Techies: Dr Asfree Gwanyanya, Dr Peter Parslow of AD Instruments and Assoc Prof Laurie Kellaway, head of the Department of Human Biology, bask in the new Powerlab system.
There was cause for celebration in the Department of Human Biology recently when Dr Asfree Gwanyanya received his Powerlab package, following a successful application to Australian company AD Instruments for an Early Research Career Grant.
Born in Zimbabwe and trained in Zimbabwe and Belgium, Dr Gwanyanya is a specialist anaesthetist in the department. Here he runs a new research project focusing on the mechanisms of heart enlargement disease, a process called hypertrophy.
Which is where Powerlab comes in. This data-acquisition system, developed by AD Instruments, records and analyses physiological signals from human or animal subjects, or even from isolated organs. It is commonly used in research and teaching.
Gwanyanya will apply his Powerlab hardware and software to study and teach on the electrical and pumping activities of the enlarged heart. But given the system's range, there is plenty of opportunity for collaborations across the Faculty of Health Sciences.

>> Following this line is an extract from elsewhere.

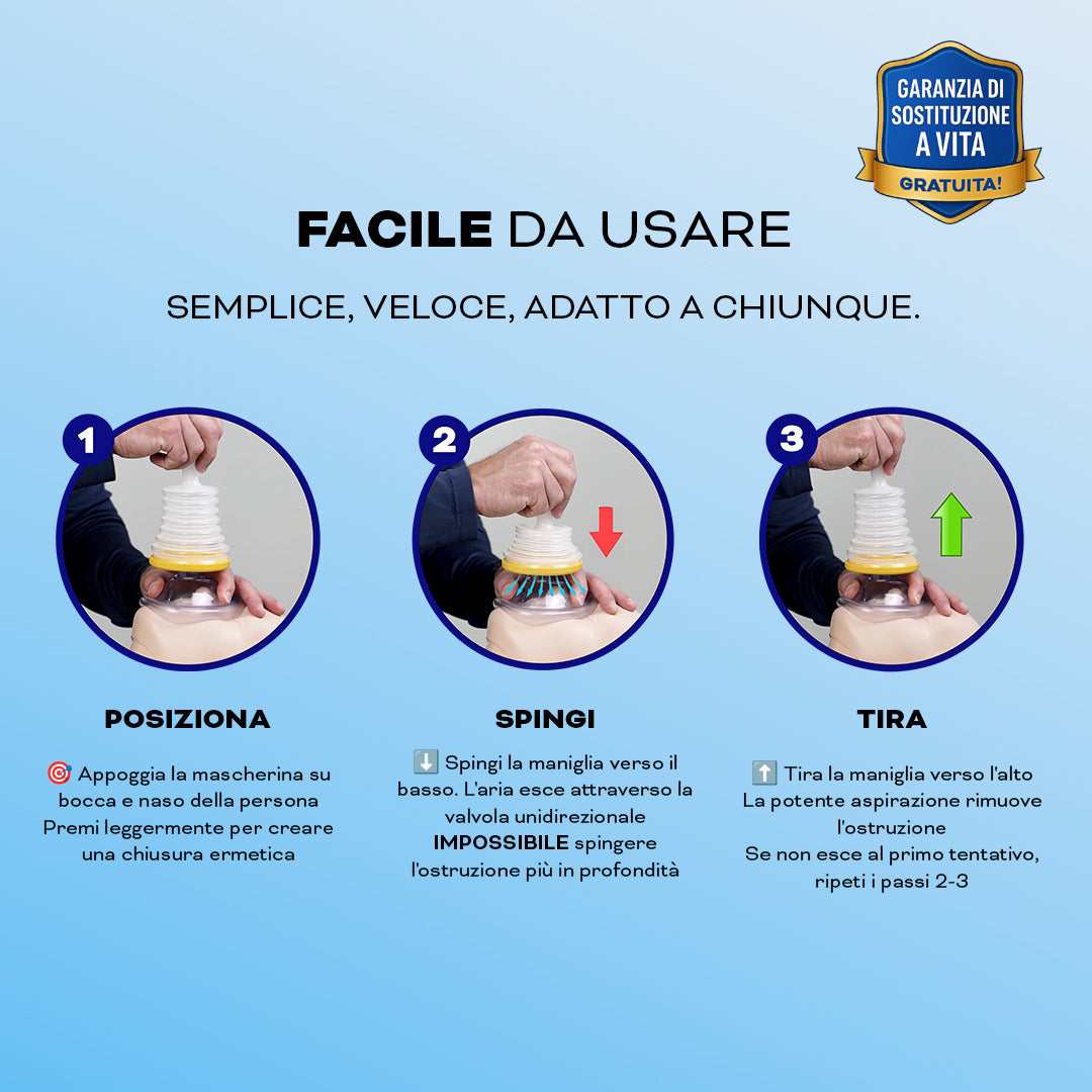 🎯 Efficacia anche su oggetti "appiccicosi" che la Heimlich non riesce a rimuovere

Gwanyanya's grant is one of only four that have been awarded worldwide by AD Instruments. The grant affords recipients the opportunity to build up their stock of research equipment by offering state-of-the-art electronic measuring equipment that can be used for both research and teaching purposes.
Having borrowed equipment from colleagues before, Gwanyanya is keen to return the favour, he promised Dr Peter Parslow, general manager of the international division of AD Instruments, when they met at UCT on 19 November.
"Here in Africa, if you support one, you support many," he told Parslow.